Such were the settlers of the Watauga, the founders of the commonwealth that grew into the State of Tennessee, who early in 1772 decided that they must form some kind of government that would put down wrong-doing and work equity between man and man. Two of their number already towered head and shoulders above the rest in importance and merit especial mention; for they were destined for the next thirty years to play the chief parts in the history of that portion of the Southwest which largely through their own efforts became the State of Tennessee. These two men, neither of them yet thirty years of age, were John Sevier and James Robertson.[16]
Robertson first came to the Watauga early in 1770.[17] He had then been married for two years, and had been “learning his letters and to spell” from his well-educated wife; for he belonged to a backwoods family, even poorer than the average, and he had not so much as received the rudimentary education that could be acquired at an “old-field” school. But he was a man of remarkable natural powers, above the medium height,[18] with wiry, robust form, light-blue eyes, fair complexion, and dark hair; his somewhat sombre face had in it a look of self-contained strength that made it impressive; and his taciturn, quiet, masterful way of dealing with men and affairs, together with his singular mixture of cool caution and most adventurous daring, gave him an immediate hold even upon such lawless spirits as those of the border. He was a mighty hunter; but, unlike Boon, hunting and exploration were to him secondary affairs, and he came to examine the lands with the eye of a pioneer settler. He intended to have a home where he could bring up his family, and, if possible, he wished to find rich lands, with good springs, whereto he might lead those of his neighbors who, like himself, eagerly desired to rise in the world, and to provide for the well-being of their children.
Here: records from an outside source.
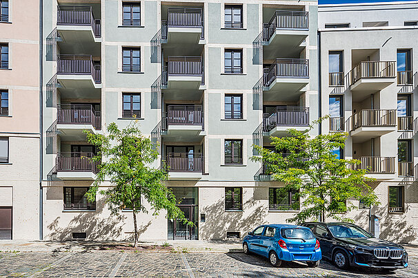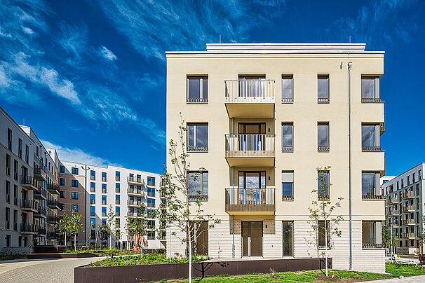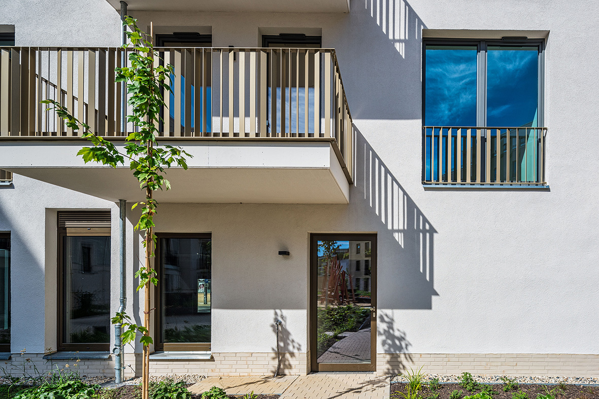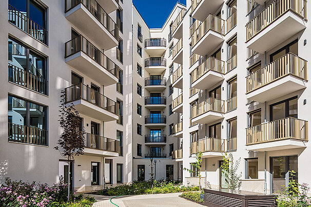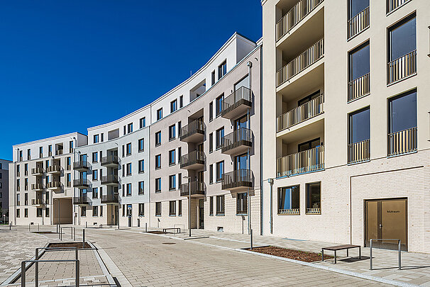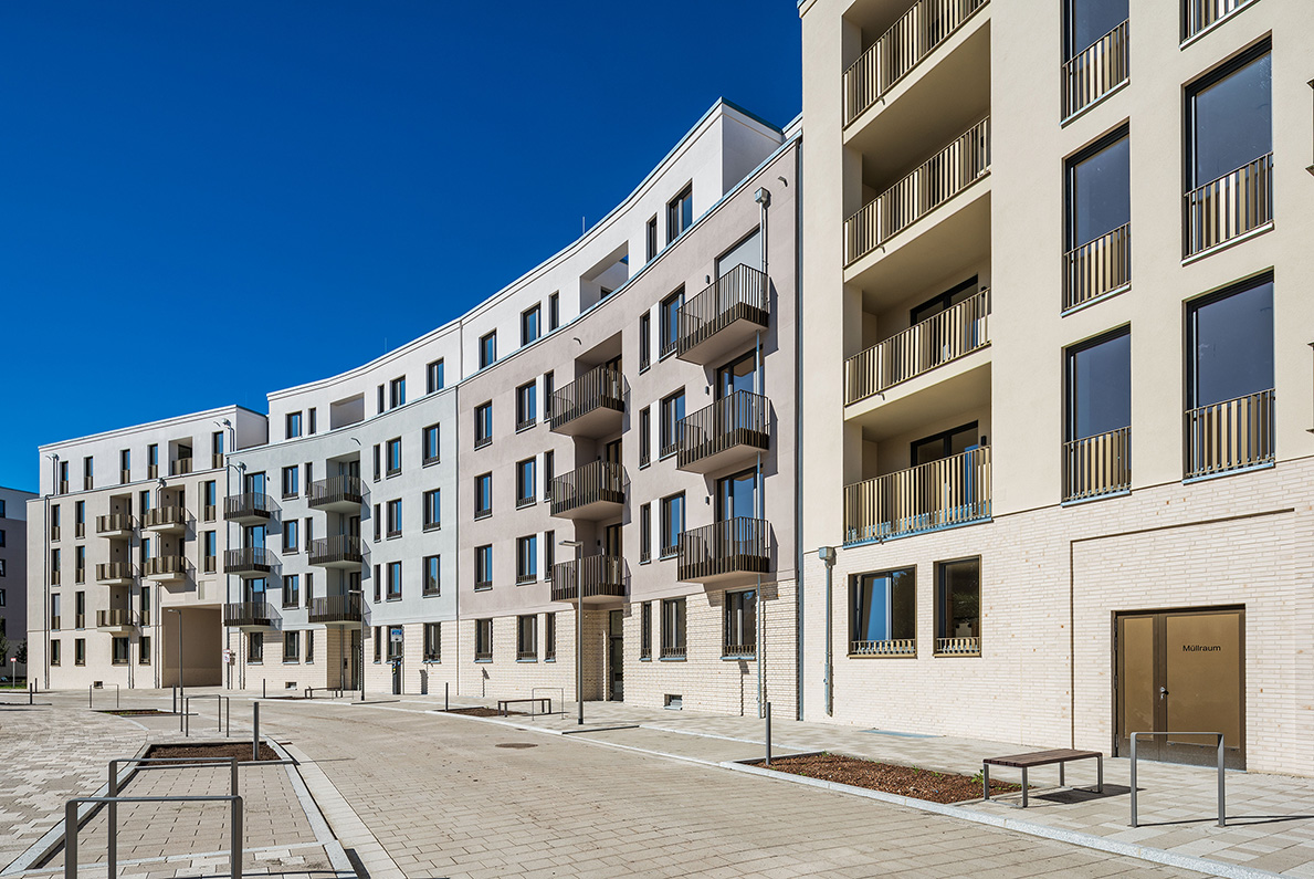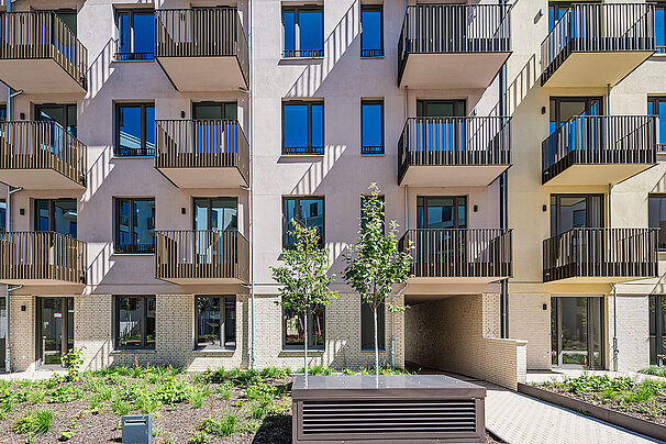Die moderne Wohnanlage enstand auf Basis eines energieeffizienten Fassadenaufbaus mit Mineralwolle-Dämmplatten. Nach der Montage der Dämmplatten als durchgehende Wärmedämmschicht wurde die Fassade gestalterisch zweigeteilt: In Teilbereichen kam ein klassischer Putzaufbau mit Armierung und Oberputz zum Einsatz, in anderen Zonen wurden Klinkerriemchen aufgebracht.
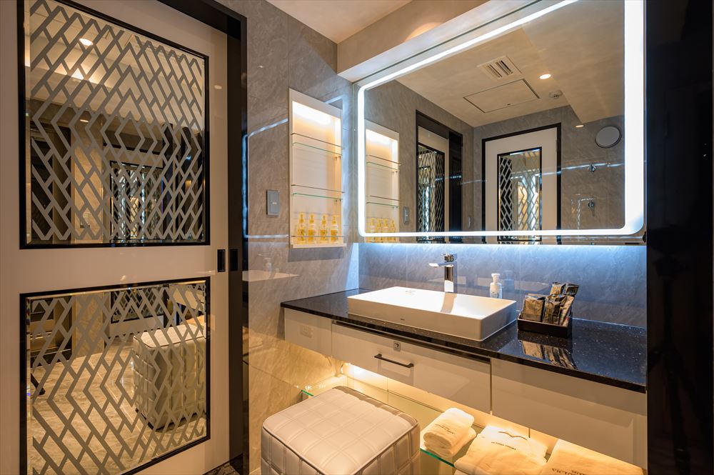 基本設備 VOD(最新映画など見放題)・大型液晶TV(フロントHDMI入力端子付)・客室専用無料Wifi・客室インターネット・有線放送・ルームコントローラー・スマホ用充電コンセント(USB)・シーン調光・レインボー照明・空気清浄機・持ち込み冷蔵庫・システム冷蔵庫・電子レンジ ・電気ポット・レインボーバス・ジェットバス・ブロアバス・浴室TV・シャワートイレ・ナノケアヘアードライヤー・カールドライヤー・ストレートアイロン・男性/女性化粧品・アメニティ豊富(お部屋によって一部設備が異なります。)
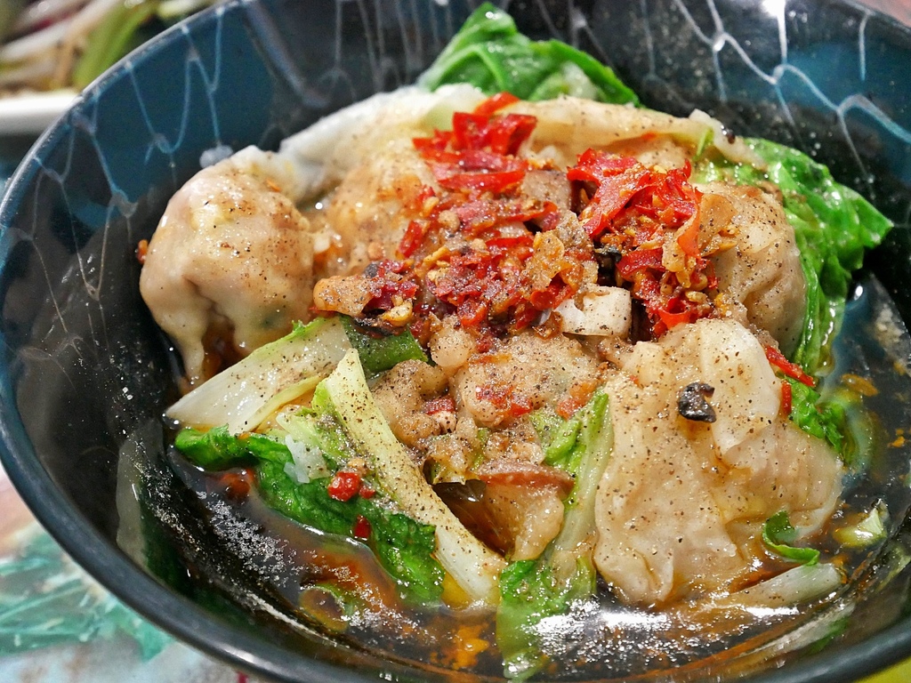 店家的紅油抄手是以自己做的辣椒醬製成,雖然看起來不像外面的紅油抄手那麼紅通通、油膩膩,但是辣度絲毫不遜色,裡面更拌入豆干味道還不錯。
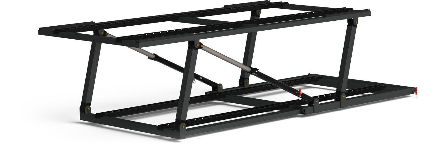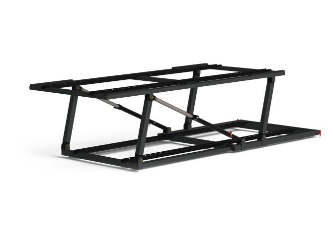 This frame is permanently mounted in vehicles as a transport base for NATO STANAG 2040 pole stretchers. Its unique design allows for immediate doubling of transport capacity by raising the upper part of the frame. This results in two places for lying patients without the need to change the vehicle's configuration. The low-profile design facilitates work in the vehicle without casualties on stretchers, thus increasing the vehicle's functionality.

To find such a country Robertson, then dwelling in North Carolina, decided to go across the mountains. He started off alone on his exploring expedition, rifle in hand, and a good horse under him. He crossed the ranges that continue northward the Great Smokies, and spent the summer in the beautiful hill country where the springs of the western waters flowed from the ground. He had never seen so lovely a land. The high valleys, through which the currents ran, were hemmed in by towering mountain walls, with cloud-capped peaks. The fertile loam forming the bottoms was densely covered with the growth of the primaeval forest, broken here and there by glade-like openings, where herds of game grazed on the tall, thick grass.
Robertson was well treated by the few settlers, and stayed long enough to raise a crop of corn, the stand-by of the backwoods pioneer; like every other hunter, explorer, Indian fighter, and wilderness wanderer, he lived on the game he shot, and the small quantity of maize he was able to carry with him.[19] In the late fall, however, when recrossing the mountain on his way home through the trackless forests, both game and corn failed him. He lost his way, was forced to abandon his horse among impassable precipices, and finally found his rifle useless owing to the powder having become soaked. For fourteen days he lived almost wholly on nuts and wild berries, and was on the point of death from starvation, when he met two hunters on horseback, who fed him and let him ride their horses by turns, and brought him safely to his home.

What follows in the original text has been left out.